START Data extract
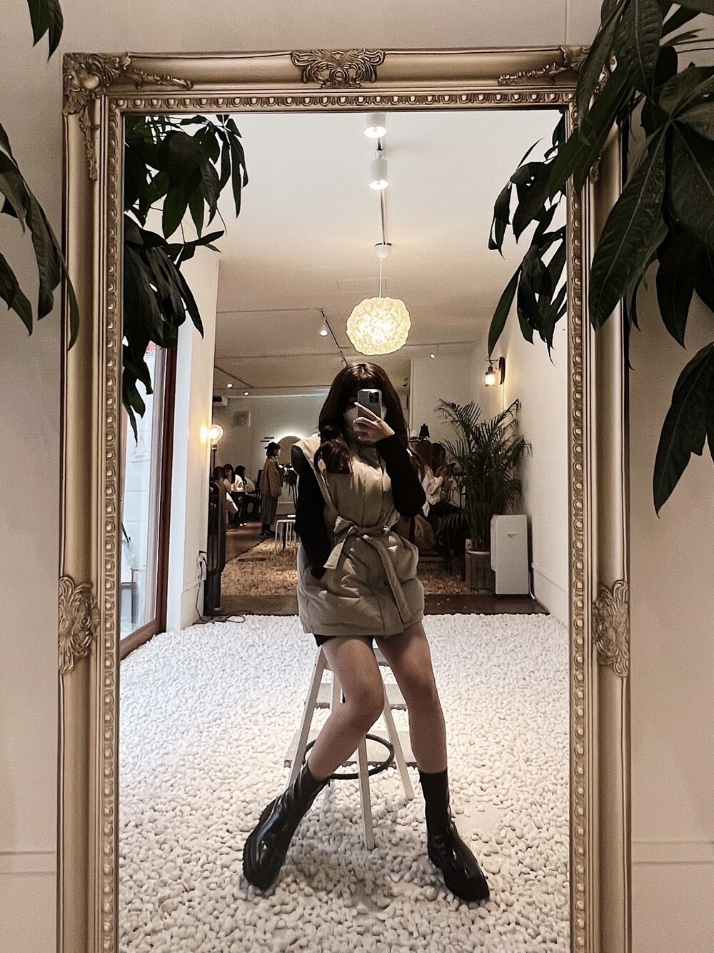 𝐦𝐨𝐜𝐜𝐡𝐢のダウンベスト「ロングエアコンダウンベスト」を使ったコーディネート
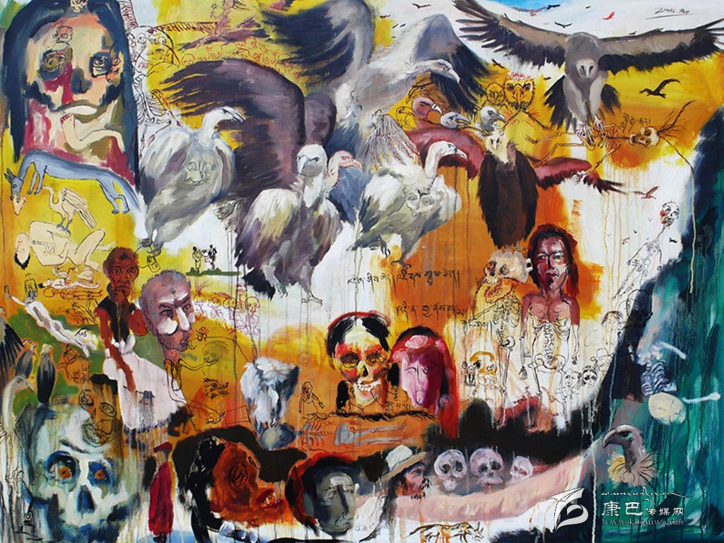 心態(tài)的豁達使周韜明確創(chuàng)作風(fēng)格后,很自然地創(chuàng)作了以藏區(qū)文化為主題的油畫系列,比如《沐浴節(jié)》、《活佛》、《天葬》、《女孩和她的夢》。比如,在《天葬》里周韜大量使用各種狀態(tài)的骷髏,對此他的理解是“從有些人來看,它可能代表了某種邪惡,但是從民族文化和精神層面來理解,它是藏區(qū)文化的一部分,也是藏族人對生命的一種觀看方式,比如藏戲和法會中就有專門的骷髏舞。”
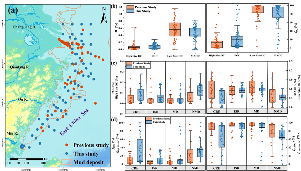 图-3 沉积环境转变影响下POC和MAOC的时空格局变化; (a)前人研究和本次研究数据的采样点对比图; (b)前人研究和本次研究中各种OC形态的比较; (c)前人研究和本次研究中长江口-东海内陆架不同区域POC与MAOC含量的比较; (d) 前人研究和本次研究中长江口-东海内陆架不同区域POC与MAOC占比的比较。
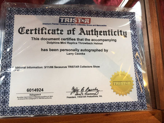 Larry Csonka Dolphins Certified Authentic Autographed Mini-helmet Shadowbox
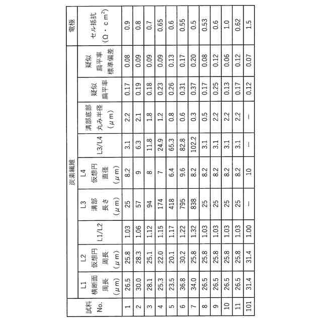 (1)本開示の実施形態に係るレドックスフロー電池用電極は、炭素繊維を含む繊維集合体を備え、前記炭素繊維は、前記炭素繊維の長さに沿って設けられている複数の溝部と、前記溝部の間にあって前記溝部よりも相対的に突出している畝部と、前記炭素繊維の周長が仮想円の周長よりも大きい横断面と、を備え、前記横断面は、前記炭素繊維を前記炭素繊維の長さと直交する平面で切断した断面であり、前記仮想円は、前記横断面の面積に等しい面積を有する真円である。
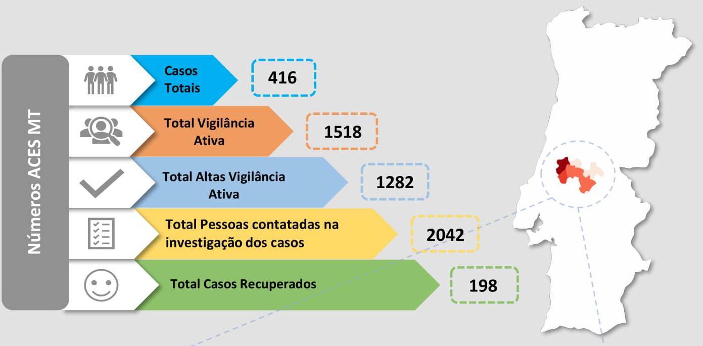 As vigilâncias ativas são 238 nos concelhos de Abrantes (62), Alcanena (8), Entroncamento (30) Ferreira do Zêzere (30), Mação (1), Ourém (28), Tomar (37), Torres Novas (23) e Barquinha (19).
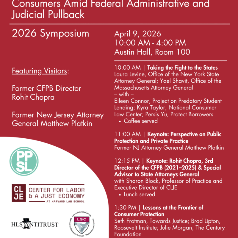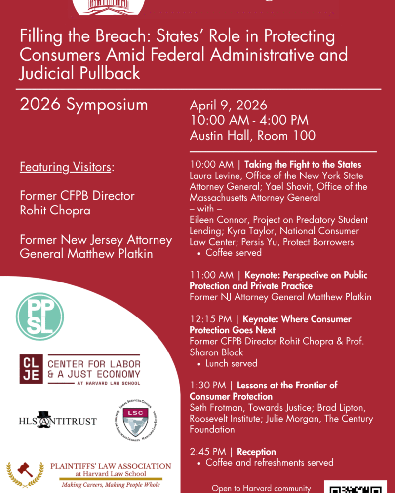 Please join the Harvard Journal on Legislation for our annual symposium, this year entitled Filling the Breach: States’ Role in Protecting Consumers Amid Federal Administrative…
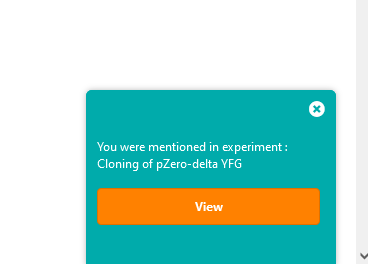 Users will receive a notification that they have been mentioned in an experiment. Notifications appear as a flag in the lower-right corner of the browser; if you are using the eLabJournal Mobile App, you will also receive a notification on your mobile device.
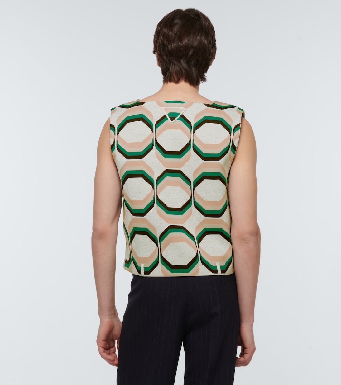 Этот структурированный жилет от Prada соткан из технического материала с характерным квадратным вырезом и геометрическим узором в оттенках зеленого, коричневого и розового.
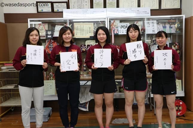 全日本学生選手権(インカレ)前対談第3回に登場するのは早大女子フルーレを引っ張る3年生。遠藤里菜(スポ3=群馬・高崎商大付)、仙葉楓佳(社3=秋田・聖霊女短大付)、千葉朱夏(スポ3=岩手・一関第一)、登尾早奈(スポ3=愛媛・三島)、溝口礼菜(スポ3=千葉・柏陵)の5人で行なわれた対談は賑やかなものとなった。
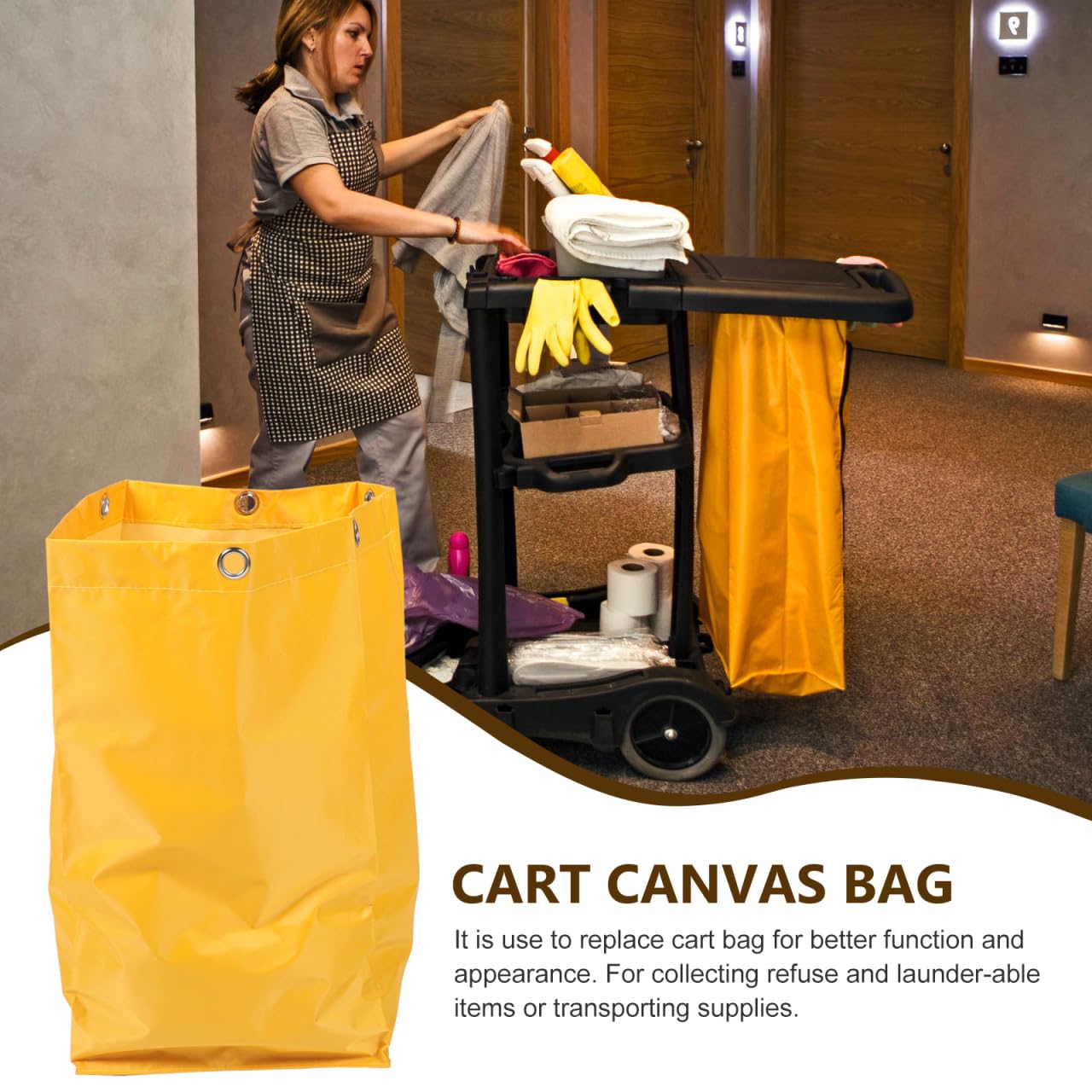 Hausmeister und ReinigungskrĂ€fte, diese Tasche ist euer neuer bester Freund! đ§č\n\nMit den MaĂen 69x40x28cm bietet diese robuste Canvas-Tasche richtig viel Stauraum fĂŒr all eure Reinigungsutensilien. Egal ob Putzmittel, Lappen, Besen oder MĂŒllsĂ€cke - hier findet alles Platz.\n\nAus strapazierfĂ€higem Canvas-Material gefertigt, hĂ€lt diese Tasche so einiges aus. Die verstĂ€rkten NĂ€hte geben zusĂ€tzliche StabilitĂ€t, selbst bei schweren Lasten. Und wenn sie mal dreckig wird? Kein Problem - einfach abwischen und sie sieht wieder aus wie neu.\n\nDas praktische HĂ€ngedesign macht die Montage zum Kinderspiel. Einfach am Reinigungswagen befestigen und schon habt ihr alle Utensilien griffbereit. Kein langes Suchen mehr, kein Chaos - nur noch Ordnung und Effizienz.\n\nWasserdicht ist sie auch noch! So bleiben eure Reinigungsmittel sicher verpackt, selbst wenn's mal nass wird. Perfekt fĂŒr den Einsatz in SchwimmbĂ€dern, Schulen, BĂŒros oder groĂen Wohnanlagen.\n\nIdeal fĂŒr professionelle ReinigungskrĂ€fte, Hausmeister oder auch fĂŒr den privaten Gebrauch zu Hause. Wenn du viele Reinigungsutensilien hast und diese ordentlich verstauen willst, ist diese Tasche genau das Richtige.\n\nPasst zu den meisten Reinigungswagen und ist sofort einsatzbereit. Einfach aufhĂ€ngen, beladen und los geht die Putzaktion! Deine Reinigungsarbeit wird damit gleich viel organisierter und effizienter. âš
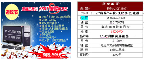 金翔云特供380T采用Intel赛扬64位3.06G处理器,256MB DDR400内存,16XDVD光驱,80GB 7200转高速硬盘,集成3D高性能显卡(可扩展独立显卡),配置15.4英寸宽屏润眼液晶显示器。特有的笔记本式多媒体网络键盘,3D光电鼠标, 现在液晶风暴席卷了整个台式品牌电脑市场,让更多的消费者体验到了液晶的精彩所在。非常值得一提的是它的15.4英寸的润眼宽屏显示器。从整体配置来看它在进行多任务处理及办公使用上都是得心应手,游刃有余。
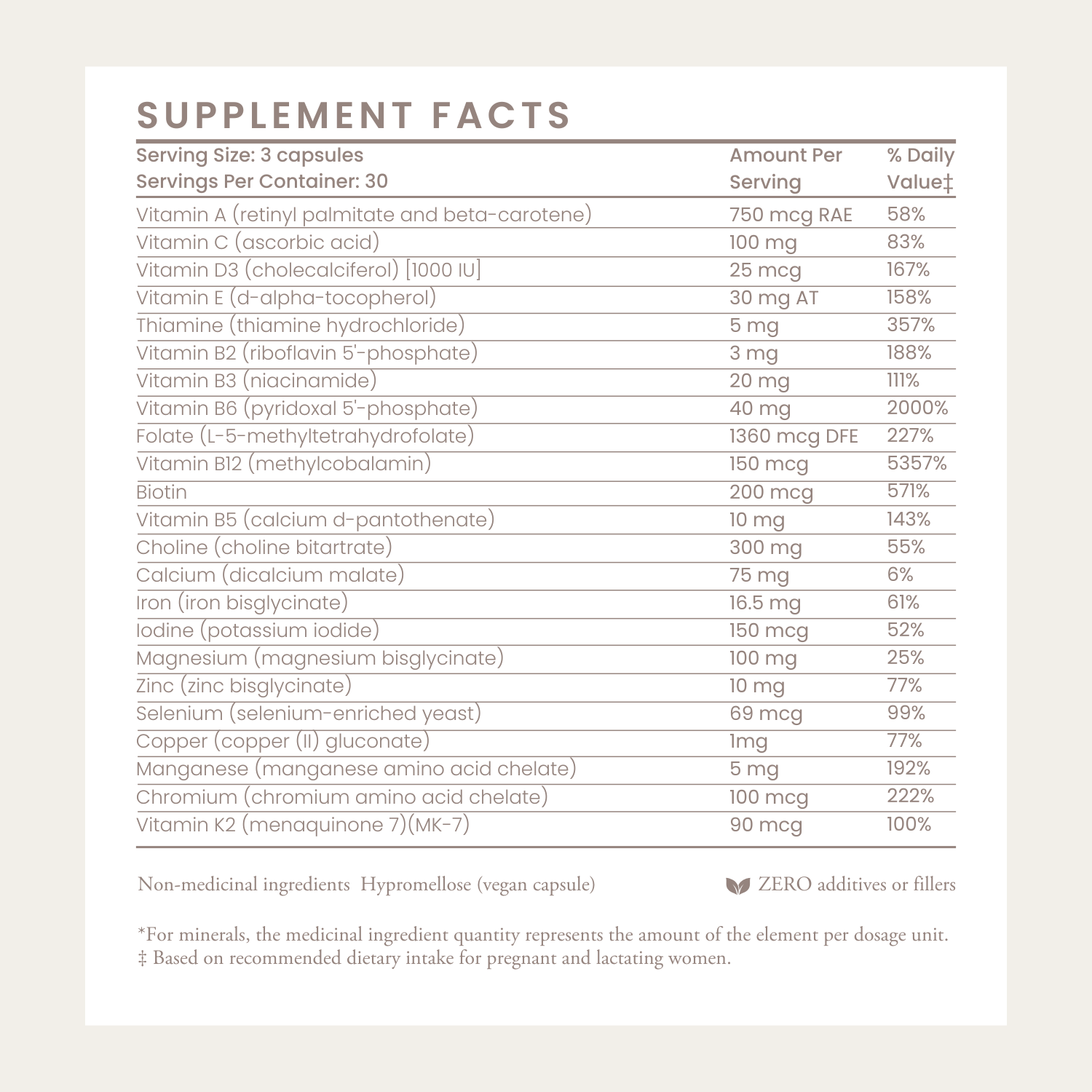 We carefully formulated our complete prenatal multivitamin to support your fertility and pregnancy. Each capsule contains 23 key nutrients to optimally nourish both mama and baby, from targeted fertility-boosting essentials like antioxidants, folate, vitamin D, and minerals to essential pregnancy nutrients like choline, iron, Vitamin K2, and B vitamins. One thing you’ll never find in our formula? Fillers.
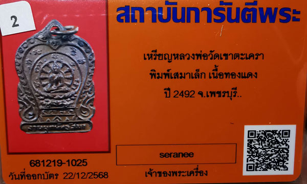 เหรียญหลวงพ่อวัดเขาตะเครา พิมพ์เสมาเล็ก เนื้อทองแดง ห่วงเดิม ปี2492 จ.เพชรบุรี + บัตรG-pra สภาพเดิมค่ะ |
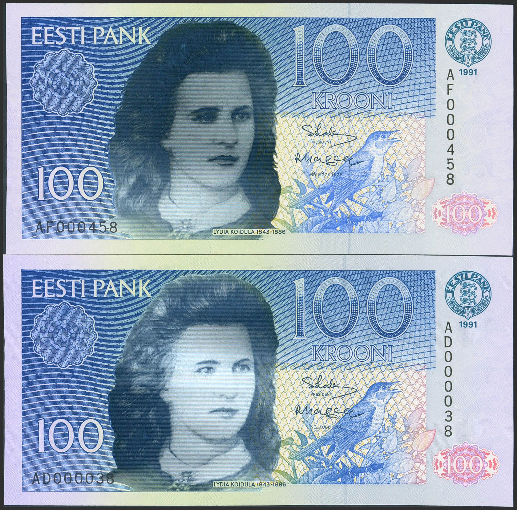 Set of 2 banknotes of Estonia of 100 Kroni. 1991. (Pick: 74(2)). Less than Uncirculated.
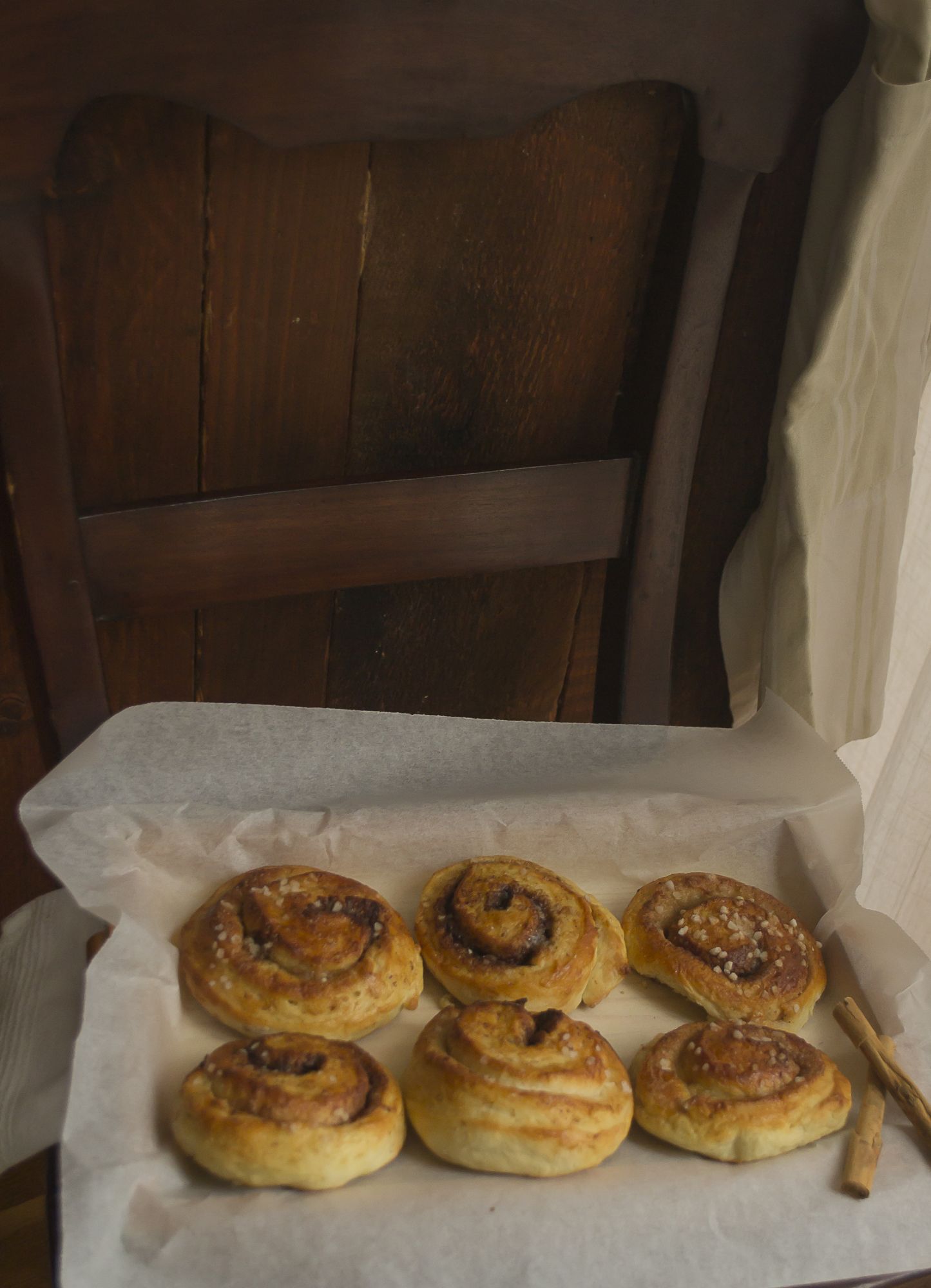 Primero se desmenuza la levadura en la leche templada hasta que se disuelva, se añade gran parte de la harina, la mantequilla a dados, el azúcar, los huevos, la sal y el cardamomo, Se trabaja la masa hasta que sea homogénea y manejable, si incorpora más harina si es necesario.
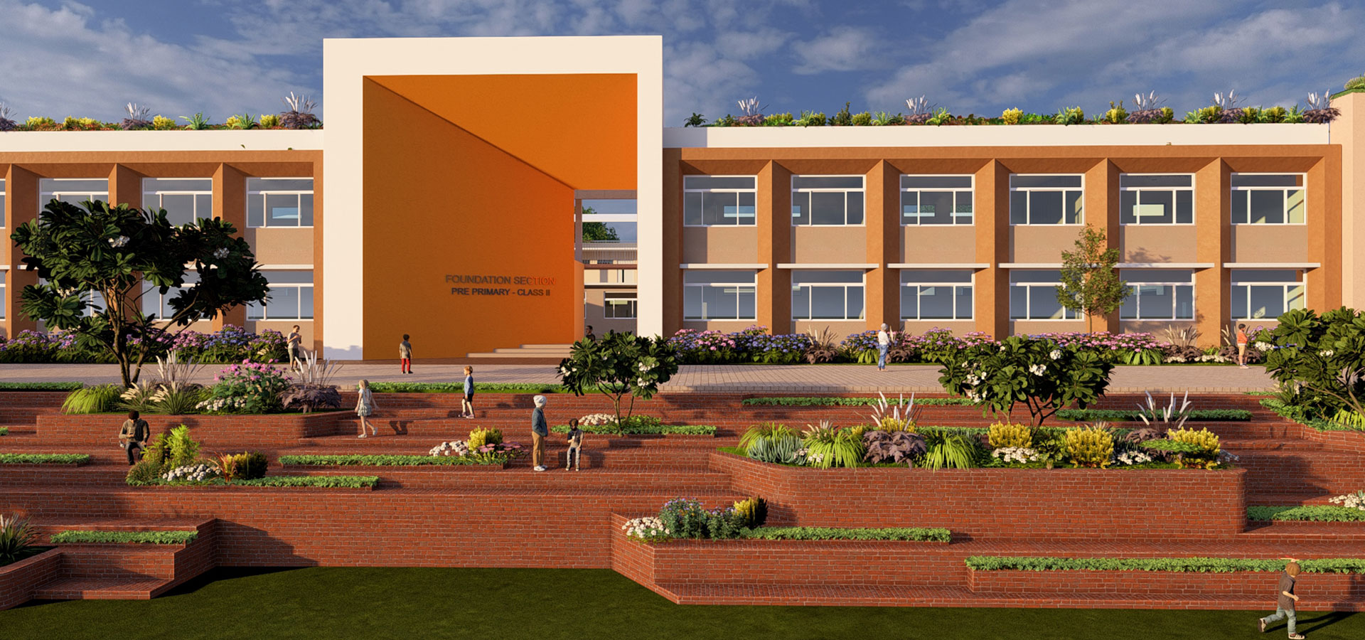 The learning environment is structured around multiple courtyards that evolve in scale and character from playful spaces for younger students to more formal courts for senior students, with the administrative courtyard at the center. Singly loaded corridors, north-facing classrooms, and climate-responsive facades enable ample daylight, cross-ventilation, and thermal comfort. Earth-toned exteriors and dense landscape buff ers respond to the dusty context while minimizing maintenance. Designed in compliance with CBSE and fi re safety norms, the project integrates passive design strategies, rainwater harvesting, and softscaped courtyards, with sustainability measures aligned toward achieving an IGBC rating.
END Data extract
What you will do:
Using the data above, print only the lines starting at the one with "Please join the" and ending at the one with "全日本学生選手権(インカレ)", exactly as they stand, minus the pictures.

Answer section:
 Please join the Harvard Journal on Legislation for our annual symposium, this year entitled Filling the Breach: States’ Role in Protecting Consumers Amid Federal Administrative…
 Users will receive a notification that they have been mentioned in an experiment. Notifications appear as a flag in the lower-right corner of the browser; if you are using the eLabJournal Mobile App, you will also receive a notification on your mobile device.
 Этот структурированный жилет от Prada соткан из технического материала с характерным квадратным вырезом и геометрическим узором в оттенках зеленого, коричневого и розового.
 全日本学生選手権(インカレ)前対談第3回に登場するのは早大女子フルーレを引っ張る3年生。遠藤里菜(スポ3=群馬・高崎商大付)、仙葉楓佳(社3=秋田・聖霊女短大付)、千葉朱夏(スポ3=岩手・一関第一)、登尾早奈(スポ3=愛媛・三島)、溝口礼菜(スポ3=千葉・柏陵)の5人で行なわれた対談は賑やかなものとなった。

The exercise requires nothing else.